Provided information:
Start of Block
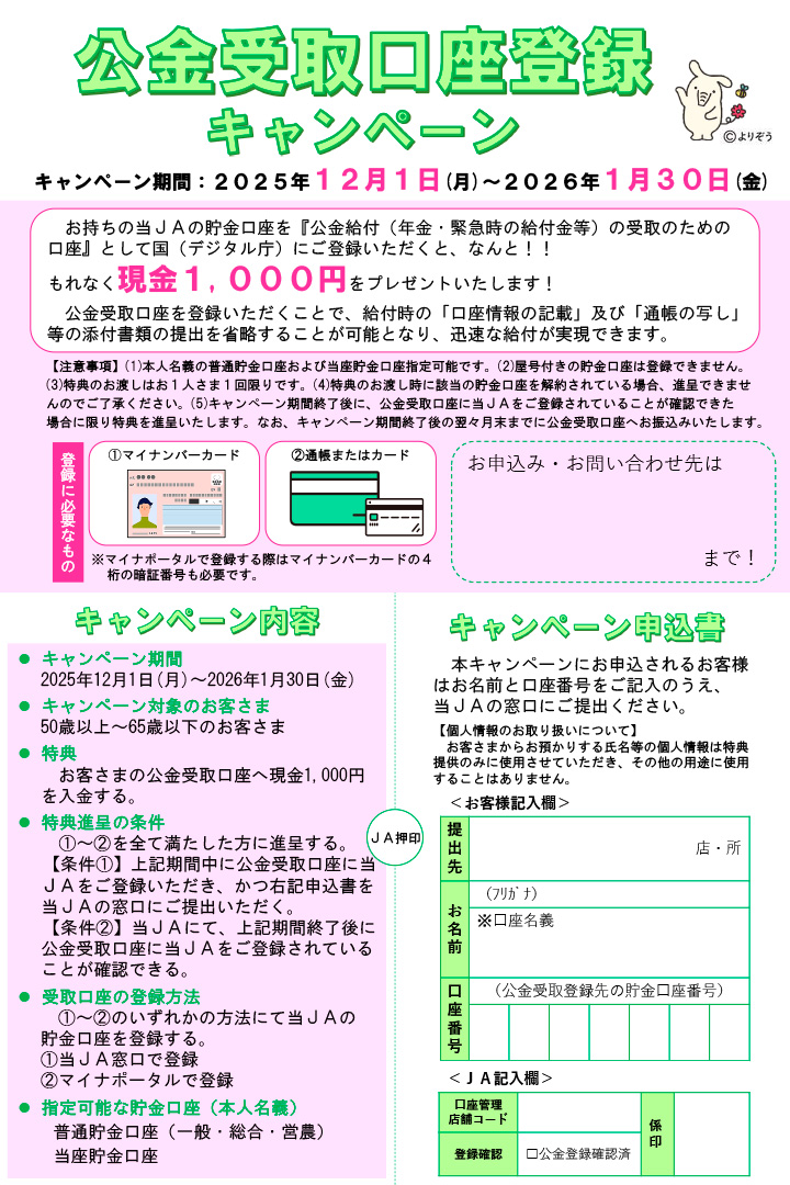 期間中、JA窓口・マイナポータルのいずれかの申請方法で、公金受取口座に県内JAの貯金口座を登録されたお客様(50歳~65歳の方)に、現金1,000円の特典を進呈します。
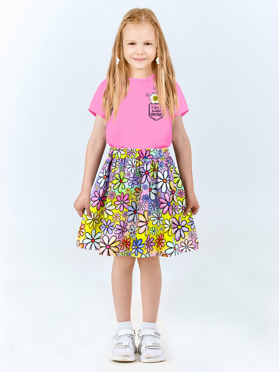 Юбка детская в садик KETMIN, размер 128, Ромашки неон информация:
End of Block
Start of Block
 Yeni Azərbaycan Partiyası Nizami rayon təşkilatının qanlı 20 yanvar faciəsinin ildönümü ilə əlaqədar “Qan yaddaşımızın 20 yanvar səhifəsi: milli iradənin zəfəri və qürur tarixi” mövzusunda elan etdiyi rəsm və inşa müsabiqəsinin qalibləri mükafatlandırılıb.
End of Block
Task directions: Please repeat, exactly as written, the lines in the records above, starting with the one that has "期間中、JA窓口・マイナポー" and going on through the one that has "Юбка детская в". Pictures are to be left out.

Task result:
 期間中、JA窓口・マイナポータルのいずれかの申請方法で、公金受取口座に県内JAの貯金口座を登録されたお客様(50歳~65歳の方)に、現金1,000円の特典を進呈します。
 Юбка детская в садик KETMIN, размер 128, Ромашки неон информация:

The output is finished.